Hypnos’s cheeks turned a shade darker.

“What kind of intelligence have you gathered concerning the Sleeping Palace?”

The group looked to one another and said nothing. The truth was that there were no blueprints of the Sleeping Palace. The Fallen House had managed to destroy the records, which meant that for all intents and purposes, they were going into this excursion blind. Delphine must have caught that from their expressions because her gaze narrowed.

“I see,” she said. “And what—besides the ramblings of a dying, broken man—makes you so certain then that there are treasures in the Sleeping Palace?”

“It…” started Hypnos, before trailing off, “… would be a terrible waste of space without … treasure?”

Zofia said nothing.

“No historical records of confirmation?” asked Delphine, her gaze zeroing in on Enrique. “Then what do you have?”

Enrique pressed the dossier of papers tighter against him. All he could tell was the truth, so he did. “Ghost stories.”

The matriarch raised her eyebrow. “Ghost stories?”

Enrique nodded.

“What kind of history or proof is that?” she asked.

Enrique’s ears burned, but he heard her curiosity. It was genuine. At the sound of it, a quiet thrill wound through him.

“Madame Delphine, depending on who you ask, sometimes ghost stories are all that is left of history,” he said. “History is full of ghosts because it’s full of myth, all of it woven together depending on who survived to do the telling.”

She raised an eyebrow. “Go on.”

“According to the coordinates on the spectacles, we know the Sleeping Palace is somewhere on Lake Baikal.”

“There’s nothing in Siberia but ice,” said the matriarch dismissively. “And murders from the past; that’s probably where all ghost stories started.”

“Lake Baikal is a sacred place, especially to the Buryats, the indigenous people who live in southeastern Russia near the Mongolian border,” said Enrique quickly. “The name itself means ‘Sacred Sea.’”

“I’m still not hearing a ghost story,” said the matriarch.

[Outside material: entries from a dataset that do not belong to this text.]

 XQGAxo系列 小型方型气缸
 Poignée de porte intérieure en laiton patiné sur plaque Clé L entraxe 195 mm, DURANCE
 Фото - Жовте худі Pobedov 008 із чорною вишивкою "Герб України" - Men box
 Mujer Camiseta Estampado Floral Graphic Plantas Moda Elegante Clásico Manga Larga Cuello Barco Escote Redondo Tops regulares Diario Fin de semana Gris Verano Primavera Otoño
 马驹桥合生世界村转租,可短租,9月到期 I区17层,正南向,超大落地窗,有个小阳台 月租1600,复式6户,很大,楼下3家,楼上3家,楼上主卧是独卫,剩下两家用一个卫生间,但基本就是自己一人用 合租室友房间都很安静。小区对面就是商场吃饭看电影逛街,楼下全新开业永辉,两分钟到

“Well, that’s the interesting matter,” said Enrique. “When you trace the tales surrounding this area of Lake Baikal, what you find is there are a lot of rumors in that area of restless spirits. Women, especially, whose voices are known to cry out to people in the middle of the night, echoing over the ice. There were also stories in the past of … of murders in the area. The last of which was committed almost twenty years ago.”

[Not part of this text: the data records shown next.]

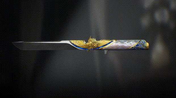 外观炸裂:刀身是冷冽的银白配上鎏金羽翼护手,刀柄则是紫白菱格纹。最绝的是战斗时会浮现暗红特效,象征着哈德森“一体两面”的人设,拿在手里就是尊贵!
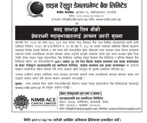 काठमाडौं । शाइन रेसुङ्गा डेभलपमेण्ट बैंक लिमिटेडले नगद लाभांश रकम बुझिलिन आग्रह गरेको छ । बैंकको विभिन्न साधारणसभाले पारित गरेको नगद लाभांश बुझ्न बाँकी शेयरधनीहरूलाई यथाशीघ्र बुझिलिन बैंकले आग्रह गरेको हो ।
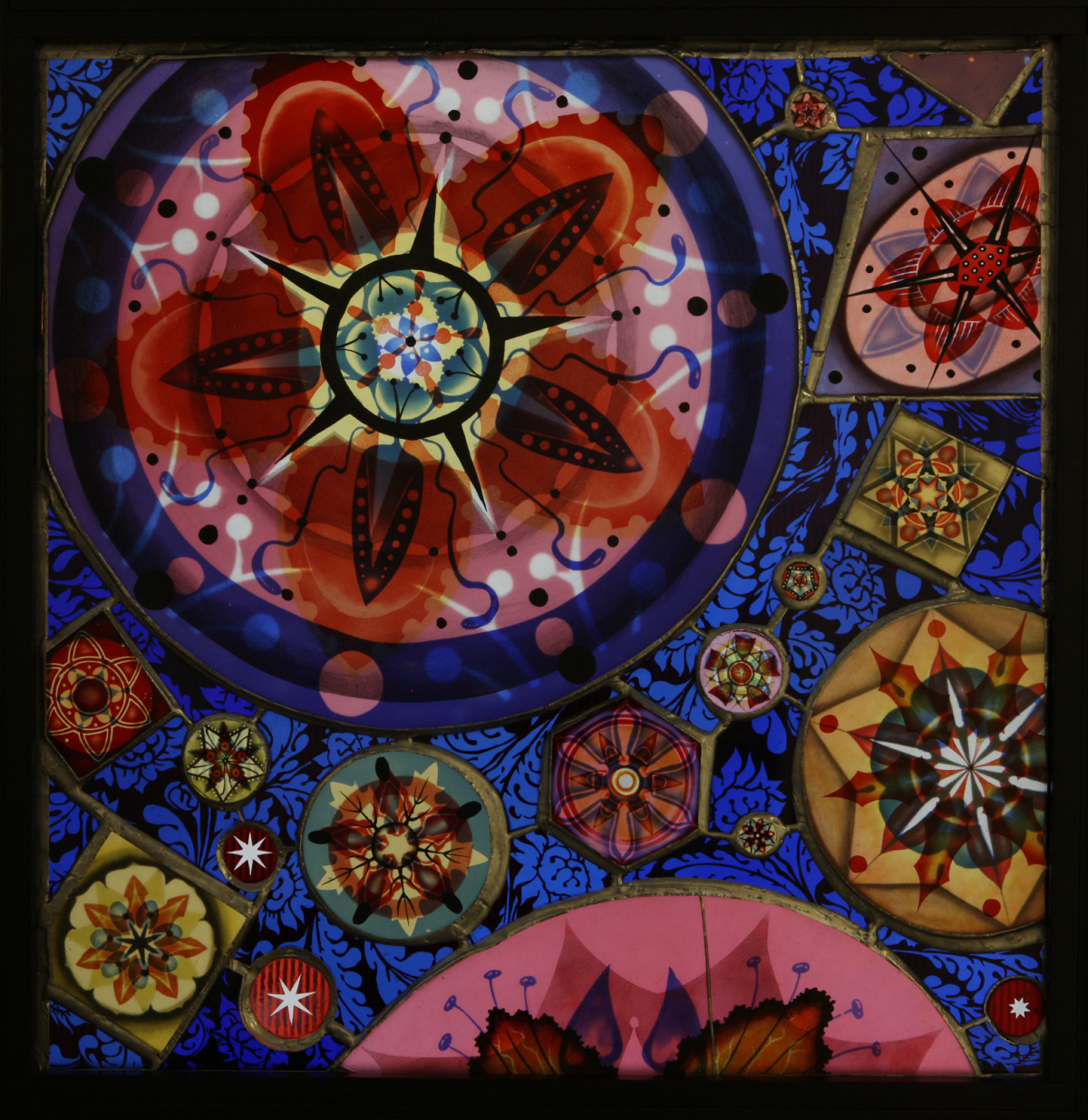 Located in the Museum's light-filled second floor stairwell (B), Judith Schaechter’s Seeing is Believing was commissioned for the Museum of Arts and Design and installed when the Museum opened the doors to its new building in 2008. Schaechter’s early career paralleled the high point of the Pattern and Decoration movement, which championed the use of ornamentation and female-driven subject matter in order to fight the legacy of male-dominated Modernist austerity. Seeing is Believing exploits the power of such patterning, in the form of two hundred unique, geometric images that evoke infinitely variable snowflakes, and brings to the fore what would usually be reserved for background design. Schaechter’s work taps into the long-standing connection between stained glass and light that manifests itself in a sense of spirituality or holiness. Seeing is Believing is a contemporary reimagining of the medieval rose window, as evidenced in the kaleidoscopic arrangement of color and pattern.
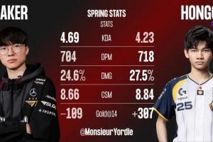 外媒發布兩隊中單Faker vs HongQ數據對比。
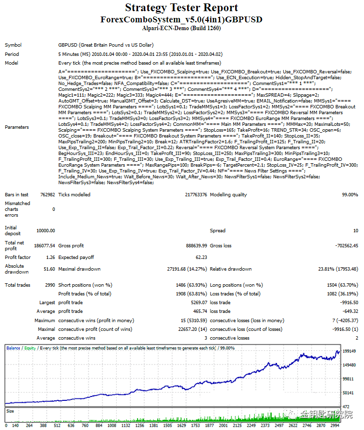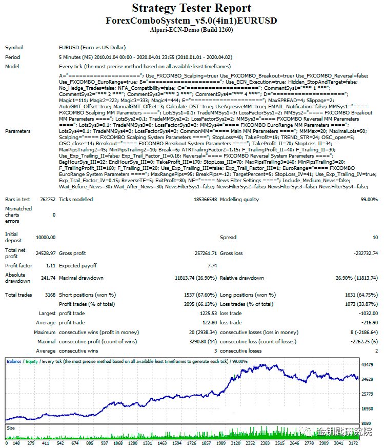 在2010.01.01-2020.04.02期间的历史数据上测试了EA,其设置与默认设置不同(预设包含在存档中):
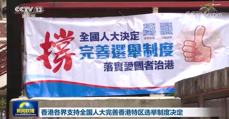 央视网消息(新闻联播):连日来,香港各界人士持续发声,表示坚定支持全国人大完善香港特区选举制度,落实“爱国者治港”原则是坚持和完善“一国两制”制度体系、确保香港长治久安的必要之举。
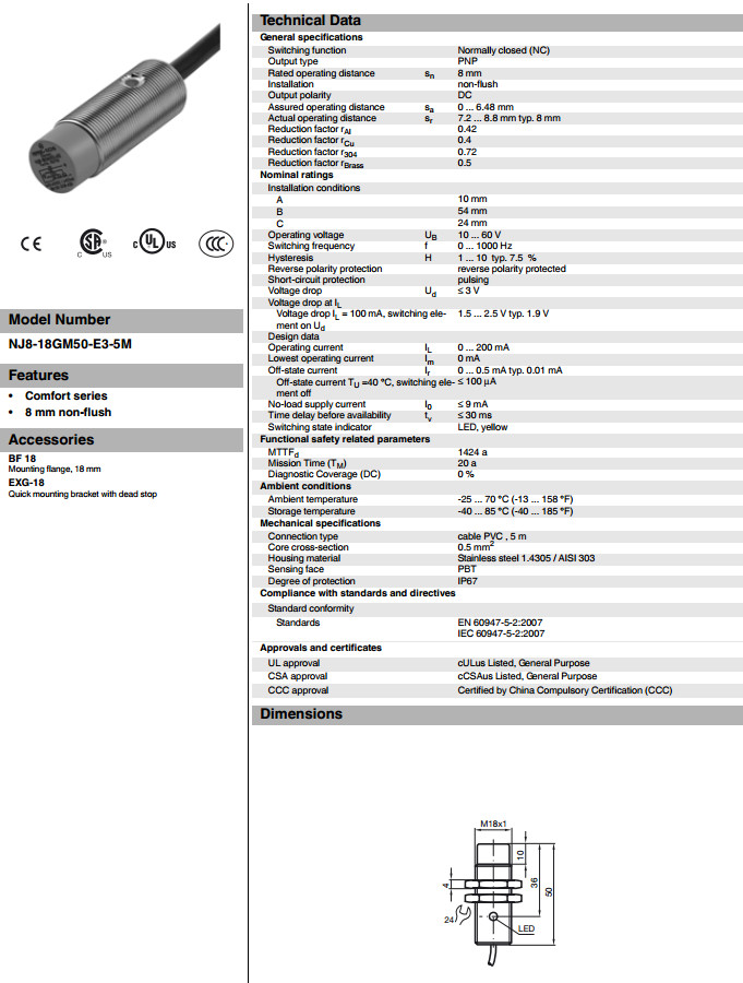 NJ8-18GM50-E3-5M電感式接近開關(guān)

Zofia shifted uncomfortably on her stool. Hypnos shuddered.

“And no one was ever captured,” said Hypnos, visibly disturbed.

“Supposedly, the murders were committed without motive,” said Enrique. “But I don’t think that’s true.”

Enrique walked to the matriarch, holding out one of the papers from his research. It showed an illustration of the Siberian landscape and a huge sepulcher carved from a single slab of black marble, and covered in intricate Forging metalwork of silver vines and looping script.

“In the fourteenth century, a noted traveler named Ibn Battuta observed the burial of a great Mongolian khan. He was placed with his greatest treasures, along with his favorite guards and female slaves. All of them were closed up beneath it.”

“The female slaves and guards were killed?” asked Hypnos.

“They died there, eventually,” said Enrique.

Hypnos paled.

“Some cultures thought that one could not construct an important building without tithing a human life, and so they buried people in the foundations of buildings.” Enrique drew out another paper, this one showing a brick wall. “For example, the Albanian legend of Rozafa where a young woman sacrificed herself so a castle could be built.”